Robert Jordan

No. 11
- Position: Wide receiver

Personal information
- Born: January 29, 1986 (age 40) Oakland, California, U.S.
- Listed height: 5 ft 11 in (1.80 m)
- Listed weight: 171 lb (78 kg)

Career information
- High school: Hayward (CA)
- College: California
- NFL draft: 2008: undrafted

Career history
- San Francisco 49ers (2008)*; British Columbia Lions (2010); Florida Tarpons (2012);
- * Offseason and/or practice squad member only

Career CFL statistics
- Rush attempts: 4
- Rushing yards: 22
- Return yards: 136
- Stats at CFL.ca (archived)

= Robert Jordan (American football) =

American gridiron football player (born 1986)

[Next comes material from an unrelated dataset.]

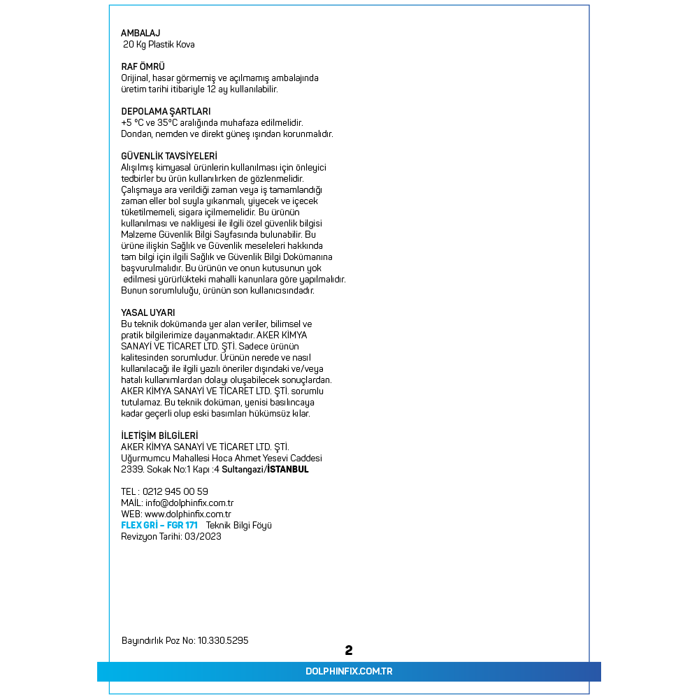 TANIMI : FLEX GRI – FGR 171, Elastomerik reçine esaslı, su bazlı, uygulandıgı yüzeyde su geçirimsiz elastik bir tabaka olusturan tek bilesenli su yalıtım malzemesidir.

Robert Jordan (born January 29, 1986) is an American former professional football wide receiver who played for the BC Lions of the Canadian Football League (CFL), and the Florida Tarpons of the Indoor Football League

==College career==
Jordan played college football for the California Golden Bears. Jordan set the University of California record for consecutive games with receptions with 42 and started more games at 37 than any other player on the 2007 team. He attended Hayward High School in Hayward, California.

==Professional career==

===San Francisco 49ers===
Jordan signed a free agent contract with the National Football League San Francisco 49ers on April 28, 2008.

On July 29, 2008, Jordan was released from the San Francisco 49ers (upon his own personal decision), so that he could tend to a death in his family. Ex-head coach Mike Nolan was reported saying that he wanted to bring the un-drafted rookie back some time in the near future so that he may attend practice squad.

===British Columbia Lions===
On April 13, 2010, Jordan signed with the British Columbia Lions. On July 26, 2010, he was released by the Lions.

===Florida Tarpons===
On August 15, 2011, Jordan signed with the Florida Tarpons.

==Personal==
He is the cousin of former Cal running back and former Seattle Seahawks player Marshawn Lynch, Baltimore Ravens quarterback Josh Johnson and former Oakland Raiders quarterback JaMarcus Russell.